* Dataset excerpt

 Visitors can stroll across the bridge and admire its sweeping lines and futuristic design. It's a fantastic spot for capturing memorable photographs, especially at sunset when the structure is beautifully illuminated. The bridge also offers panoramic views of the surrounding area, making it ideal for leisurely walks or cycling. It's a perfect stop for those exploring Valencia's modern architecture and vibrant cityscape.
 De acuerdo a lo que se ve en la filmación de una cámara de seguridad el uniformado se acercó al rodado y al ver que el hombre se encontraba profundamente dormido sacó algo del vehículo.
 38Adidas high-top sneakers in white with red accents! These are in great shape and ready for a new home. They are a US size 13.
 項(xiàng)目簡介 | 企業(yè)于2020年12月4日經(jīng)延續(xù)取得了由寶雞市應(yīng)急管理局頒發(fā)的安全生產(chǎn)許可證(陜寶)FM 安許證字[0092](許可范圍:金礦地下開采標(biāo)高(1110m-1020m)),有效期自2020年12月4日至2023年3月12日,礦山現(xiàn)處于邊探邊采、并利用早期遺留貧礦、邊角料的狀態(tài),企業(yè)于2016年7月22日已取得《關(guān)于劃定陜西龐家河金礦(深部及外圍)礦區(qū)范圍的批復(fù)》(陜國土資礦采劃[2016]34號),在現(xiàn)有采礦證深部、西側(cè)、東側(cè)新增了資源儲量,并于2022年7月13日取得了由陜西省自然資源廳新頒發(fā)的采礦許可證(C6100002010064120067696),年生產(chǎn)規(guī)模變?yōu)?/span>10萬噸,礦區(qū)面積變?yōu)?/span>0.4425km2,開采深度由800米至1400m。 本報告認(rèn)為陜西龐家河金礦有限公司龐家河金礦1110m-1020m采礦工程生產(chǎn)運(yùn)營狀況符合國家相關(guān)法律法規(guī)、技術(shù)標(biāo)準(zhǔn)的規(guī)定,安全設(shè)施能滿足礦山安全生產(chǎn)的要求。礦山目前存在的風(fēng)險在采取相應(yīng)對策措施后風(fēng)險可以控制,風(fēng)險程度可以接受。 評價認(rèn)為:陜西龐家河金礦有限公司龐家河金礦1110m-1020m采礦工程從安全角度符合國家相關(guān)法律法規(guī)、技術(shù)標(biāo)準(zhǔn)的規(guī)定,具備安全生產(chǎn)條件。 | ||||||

* What this task involves
From the top of the material above, please transcribe each line exactly. Include the line with "De acuerdo a" and end there.

* Answer for this exercise
 Visitors can stroll across the bridge and admire its sweeping lines and futuristic design. It's a fantastic spot for capturing memorable photographs, especially at sunset when the structure is beautifully illuminated. The bridge also offers panoramic views of the surrounding area, making it ideal for leisurely walks or cycling. It's a perfect stop for those exploring Valencia's modern architecture and vibrant cityscape.
 De acuerdo a lo que se ve en la filmación de una cámara de seguridad el uniformado se acercó al rodado y al ver que el hombre se encontraba profundamente dormido sacó algo del vehículo.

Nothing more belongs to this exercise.